Table 1. Fifteen highest daily flows on Mohawk River at Cohoes, NY since 1919. Note, as in Figure 1, flows are given per unit area instead of as volume.

Event Date Flow at Cohoes, Cause of High Flow NY (in. /day) Prior Ice Jam; Moderate Rain on Wet 3/19/1936 1.21 Soils 3/14/1977 1.05 Moderate Rain on Wet Soils 8/29/2011 1.04 Tropical Storm 1/20/1996 1.00 Ice Jam; Snow Melt with Minor Rainfall 9/22/1938 0.97 Tropical Storm 6/29/2006 0.97 Moderate Rain on Wet Soils 10/17/1955 0.94 Tropical Storm 1/9/1998 0.88 Moderate Rain on Wet Soils 3/22/1980 0.85 Moderate Rain on Wet Soils 4/3/2005 0.85 Moderate Rain on Wet Soils 3/6/1964 0.84 Ice Jam; Snow Melt with Minor Rainfall 4/5/1960 0.82 Moderate Rain on Wet Soils 4/17/2007 0.81 Moderate Rain on Wet Soils 4/10/2001 0.75 Rain on Snow 4/6/1956 0.74 Snow Melt

In acknowledging that a range of different processes can lead to high flows, it becomes harder to simply conclude that a changing climate will increase the frequency of floods. That is, one would not expect all processes to necessarily be enhanced because of a changing climate.
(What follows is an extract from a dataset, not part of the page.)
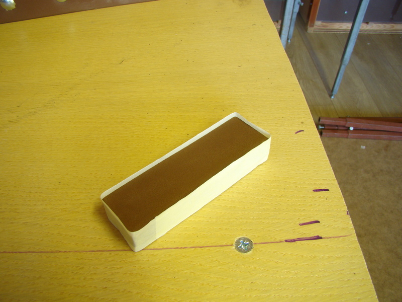 Abych nemusel vyplňovat celý prostor vagonu, tak jsem si jako základ vyřízl hranolek ze styroduru (polystyren XPS bezkuličkový). Na něj jsem nalepil oboustranku.

For instance, events linked to snow or ice jams would likely decrease in risk because of a likely reduction in snowpack depth and ice formation.

Of events not linked to snow or ice accumulation, the direction of change in a changing climate remains somewhat unclear. The largest flow events have been caused by tropical storms and moderate rainfall on wet soils. Neither of these causative events is yet known to change in a definitive way in a changing climate. While warmer ocean water may increase the energy in a hurricane, this doesn’t dictate other factors important to flood causation in inland regions such as hurricane trajectory, speed of passage, and precipitation quantity. The recent Intergovernmental Panel on Climate Change Report notes that there remains low confidence in changes in intense hurricane activity in the next several decades (IPCC 2013). Large flow events that occur from moderate rainfall on wet soils sometimes follow extensive snowmelt, but other times they occur due to periods of persistent rainfall. In the mid-latitudes, such persistent rainfall often occurs when the jet stream has larger southern divergences that slowly propagate. Scientists are just beginning to investigate how a changing climate may influence variations in movement of the jet stream (Francis and Vavrus 2012).
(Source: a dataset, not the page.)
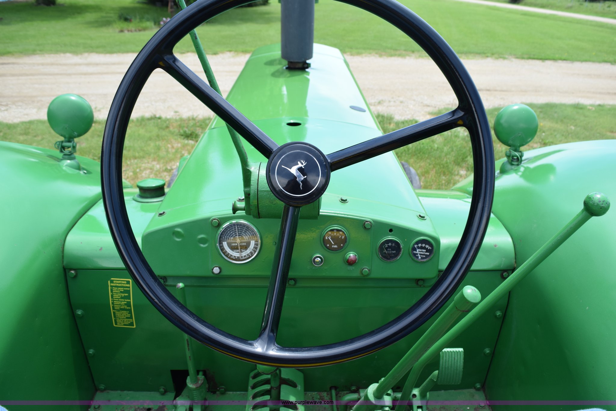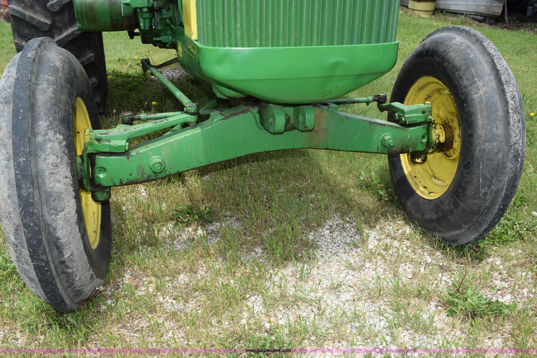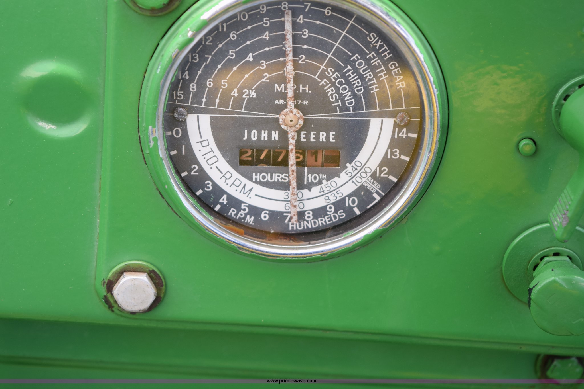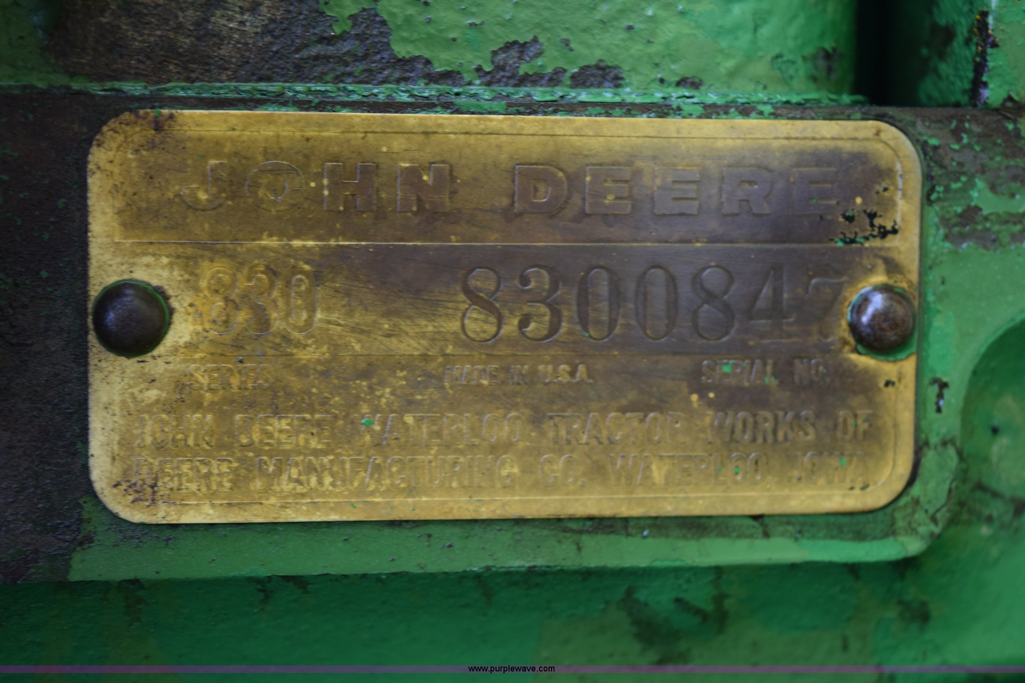 Purple Wave is selling a used Tractor in Kansas. This item is a 1959 John Deere 830 tractor with the following: 2,776 hours on meter, John Deere two cylinder diesel engine, Manual transmission, 6F-1R gears, Direct start, Power steering, Suspension seat, 540 PTO, Rear hydraulic remote set, Recently rebuilt remote, (6) wheel weights, 7.50-18 front tires, 18.4-34 rear tires, Recently replaced rear tires, Serial 8300847

Conclusions This fact sheet is not meant to provide a definitive answer on the magnitude or frequency of future floods. Instead, it is meant to provide some insight into how recent large discharge events fit into the bigger picture of variations in hydrology in the Mohawk watershed over time. Additionally, it is meant to provide some context for understanding why future flooding remains difficult to predict even if there are robust global scale changes in climate. In short, high flows on the Mohawk and its tributaries result from a number of different processes which can in some cases vary by location within the Mohawk watershed. Because of the diversity of these processes, the possible interactions between these processes, and the complexity of atmospheric controls on these processes, there remains a large deal of uncertainty in how flood frequency may change in the future in the Mohawk River watershed.

References:

Degaetano, A.T. 2009. Time-Dependent Changes in Extreme-Precipitation Return-Period Amounts in the Continental . Journal of Applied Meteorology and Climatology, 48, 2086-2099.

Frances, J.A. and S.J. Vavrus. 2012. Evidence linking Arctic amplification to extreme weather in mid-latitudes. Geophysical Research Letters, 39: L06801.
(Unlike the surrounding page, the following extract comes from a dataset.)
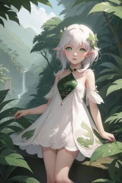 nahida, detailed illustration, kusanali,kid, white hair,white dress, green eyes,hair ornament, blush, full body, scenery, jungle,32k
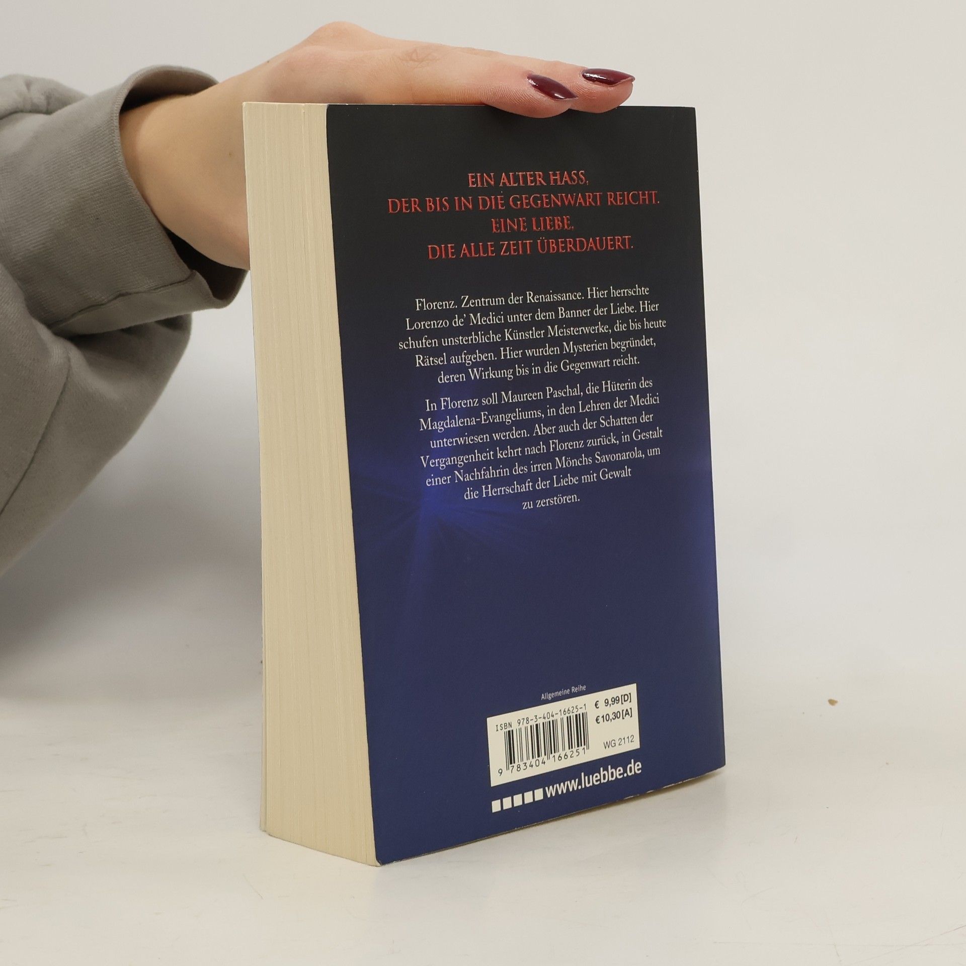 Florenz. Zentrum der Renaissance. Hier herrschte Lorenzo de' Medici unter dem Banner der Liebe. Hier schufen unsterbliche Künstler Meisterwerke, die bis heute Rätsel aufgeben. Hier wurden Mysterien begründet, deren Wirkung bis in die Gegenwart reicht. In Florenz soll Maureen Paschal, die Hüterin des Magdalena-Evangeliums, in den geheimen Lehren der Medici unterwiesen werden. Aber auch der Schatten der Vergangenheit kehrt nach Florenz zurück, um die Wiedergeburt des wahren Glaubens zu vereiteln – und sei es mit Gewalt.

IPCC, 2013: Summary for Policymakers. In: Climate Change 2013: The Physical Science Basis. Contribution of Working Group I to the Fifth Assessment Report of the Intergovernmental Panel on Climate Change [Stocker, T.F., D. Qin, G.-K. Plattner, M. Tignor, S. K. Allen, J. Boschung, A. Nauels, Y. Xia, V. Bex and P.M. Midgley (eds.)]. Cambridge University Press, Cambridge, United Kingdom and New York, NY, USA.